(Data records)

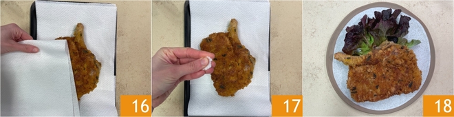 Quand vous aurez obtenu une belle coloration uniforme et croustillante, égouttez la côte sur du papier absorbant, tamponnez-la bien 16 et laissez reposer pendant 4 minutes 16. Enfin, salez selon votre goût 17. Votre côte de veau aromatique à la milanaise est prête à être servie 18 !
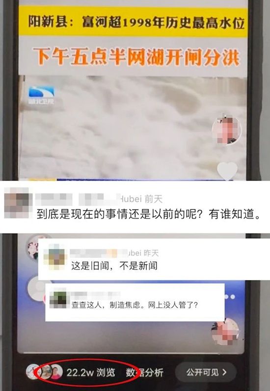 該視頻一經(jīng)發(fā)布,立即引起了廣大網(wǎng)民的關注和擔憂,誤導網(wǎng)民認為發(fā)生了洪災險情。相關視頻發(fā)布后瀏覽量達22.2萬人次,在一定程度上引發(fā)了公眾恐慌。
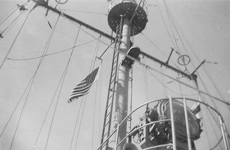 Being approached by a liberty boat. Note the movie screen rigged on the forecastle. |
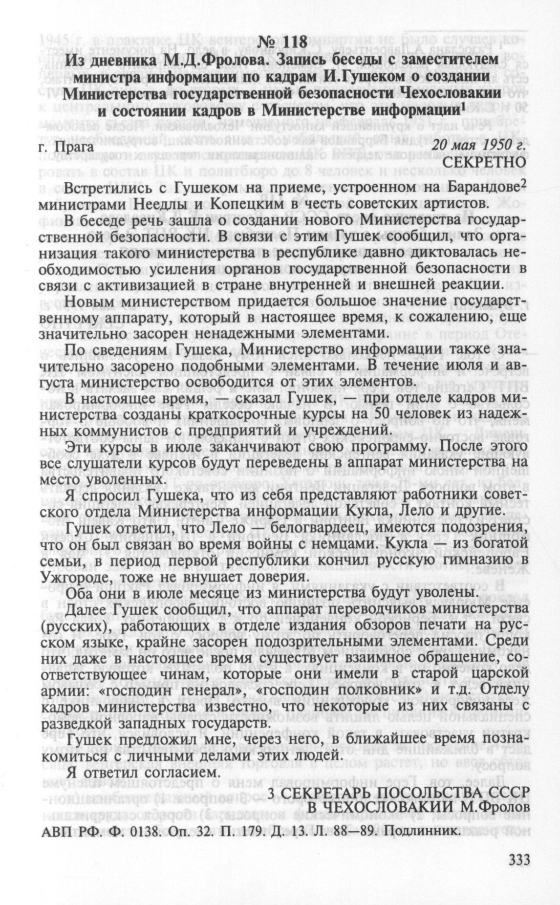 Из дневника М.Д.Фролова. Запись беседы с заместителем министра информации по кадрам И.Гушеком о создании Министерства государственной безопасности Чехословакии и состоянии кадров в Министерстве информации. Прага, 20 мая 1950 г. // АВП РФ. Ф. 0138. Оп. 32. П. 179. Д. 13. Л. 88-89. Подлинник.
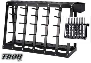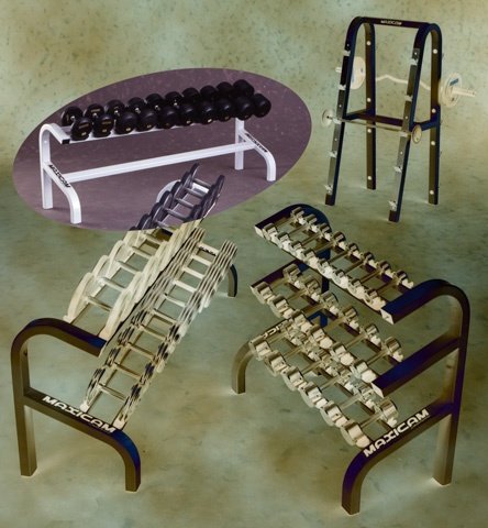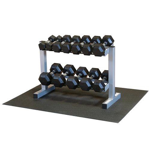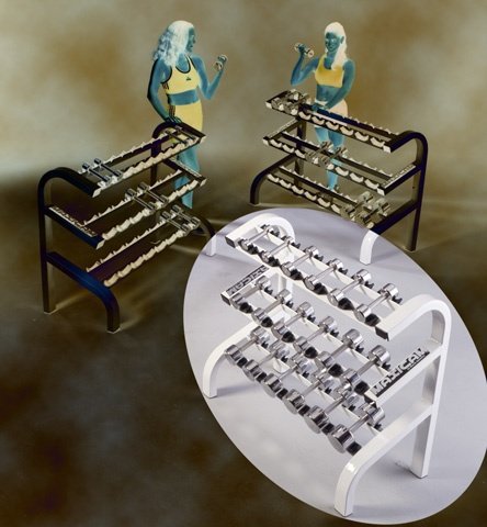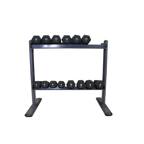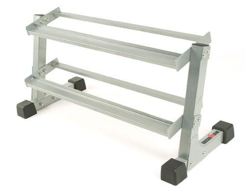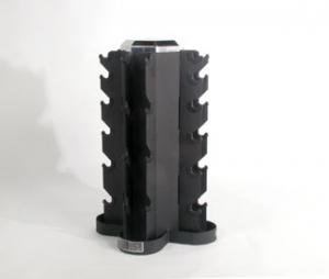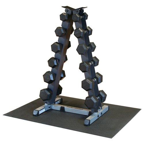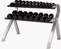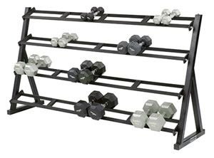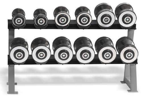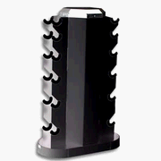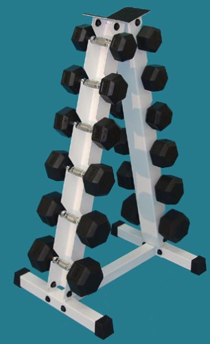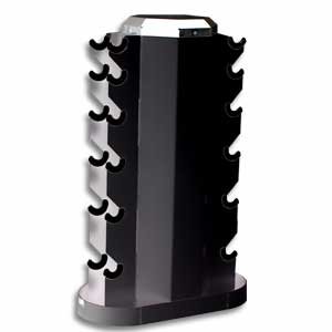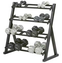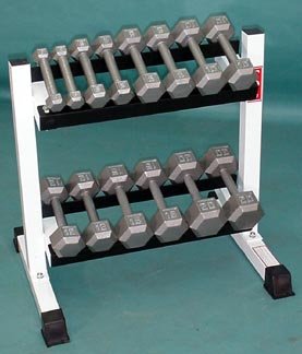 > By Cap Barbell > Two-Sided Vertical Dumbbell Rack > Holds One Pair Of Each 5-30 lbs Hex, Rubber Hex, or Chrome Dumbbells > Heavy-Gauge Steel > Maximum Durability > Space Saver > Rubber Contact Points > Black Finish Strength training refers to the usage of various equipment, such as benches, weight sets, dumbbells, weighted vests, etc. to add resistance to exercise. Strength training brings about a great many benefits, such as: thicker, stronger bones (important for women 30 years of age and up - reducing/eliminating chance of osterioperosis), increased strength/muscle tissue, increase of 'good cholesterol', improved joint function, fat loss, weight (muscle) gain, tougher tendoms and ligaments, and finally, excellent cardiovascular fitness. This type of conditioning also significantly reduces stress, increases energy level and reduces the chance of injury and disease (allows the body to function properly). .
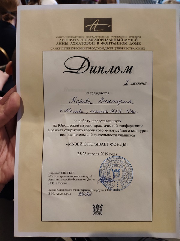 После таких историй Виктории Каревой было сложно представить свое исследование; но девушка собралась — и диплом первой степени стал заслуженной наградой за почти двухлетний труд.
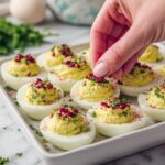 This Spicy Deviled Eggs recipe offers a classic appetizer with a fiery twist, combining creamy mayonnaise, tangy Dijon mustard, and hot sauce for a flavorful filling. Perfect for gatherings or as a tasty snack, these deviled eggs are garnished with smoked paprika and optional fresh jalapeños or herbs for a vibrant presentation.
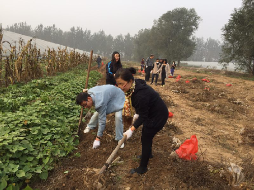 10月19日下午,动漫疯 分工会组织教职工来到大兴郊外采红薯、刨花生。动漫疯 党总支副书记、院长石刚、党总支书记付琳、副院长郭媛媛、分工会主席张小乐参加了此次活动。

● **Task item**: Apart from the pictures, the entries above are to be repeated in full and exactly.

● **Answer area**:
 Quand vous aurez obtenu une belle coloration uniforme et croustillante, égouttez la côte sur du papier absorbant, tamponnez-la bien 16 et laissez reposer pendant 4 minutes 16. Enfin, salez selon votre goût 17. Votre côte de veau aromatique à la milanaise est prête à être servie 18 !
 該視頻一經(jīng)發(fā)布,立即引起了廣大網(wǎng)民的關注和擔憂,誤導網(wǎng)民認為發(fā)生了洪災險情。相關視頻發(fā)布后瀏覽量達22.2萬人次,在一定程度上引發(fā)了公眾恐慌。
 Being approached by a liberty boat. Note the movie screen rigged on the forecastle. |
 Из дневника М.Д.Фролова. Запись беседы с заместителем министра информации по кадрам И.Гушеком о создании Министерства государственной безопасности Чехословакии и состоянии кадров в Министерстве информации. Прага, 20 мая 1950 г. // АВП РФ. Ф. 0138. Оп. 32. П. 179. Д. 13. Л. 88-89. Подлинник.
 > By Cap Barbell > Two-Sided Vertical Dumbbell Rack > Holds One Pair Of Each 5-30 lbs Hex, Rubber Hex, or Chrome Dumbbells > Heavy-Gauge Steel > Maximum Durability > Space Saver > Rubber Contact Points > Black Finish Strength training refers to the usage of various equipment, such as benches, weight sets, dumbbells, weighted vests, etc. to add resistance to exercise. Strength training brings about a great many benefits, such as: thicker, stronger bones (important for women 30 years of age and up - reducing/eliminating chance of osterioperosis), increased strength/muscle tissue, increase of 'good cholesterol', improved joint function, fat loss, weight (muscle) gain, tougher tendoms and ligaments, and finally, excellent cardiovascular fitness. This type of conditioning also significantly reduces stress, increases energy level and reduces the chance of injury and disease (allows the body to function properly). .
 После таких историй Виктории Каревой было сложно представить свое исследование; но девушка собралась — и диплом первой степени стал заслуженной наградой за почти двухлетний труд.
 This Spicy Deviled Eggs recipe offers a classic appetizer with a fiery twist, combining creamy mayonnaise, tangy Dijon mustard, and hot sauce for a flavorful filling. Perfect for gatherings or as a tasty snack, these deviled eggs are garnished with smoked paprika and optional fresh jalapeños or herbs for a vibrant presentation.
 10月19日下午,动漫疯 分工会组织教职工来到大兴郊外采红薯、刨花生。动漫疯 党总支副书记、院长石刚、党总支书记付琳、副院长郭媛媛、分工会主席张小乐参加了此次活动。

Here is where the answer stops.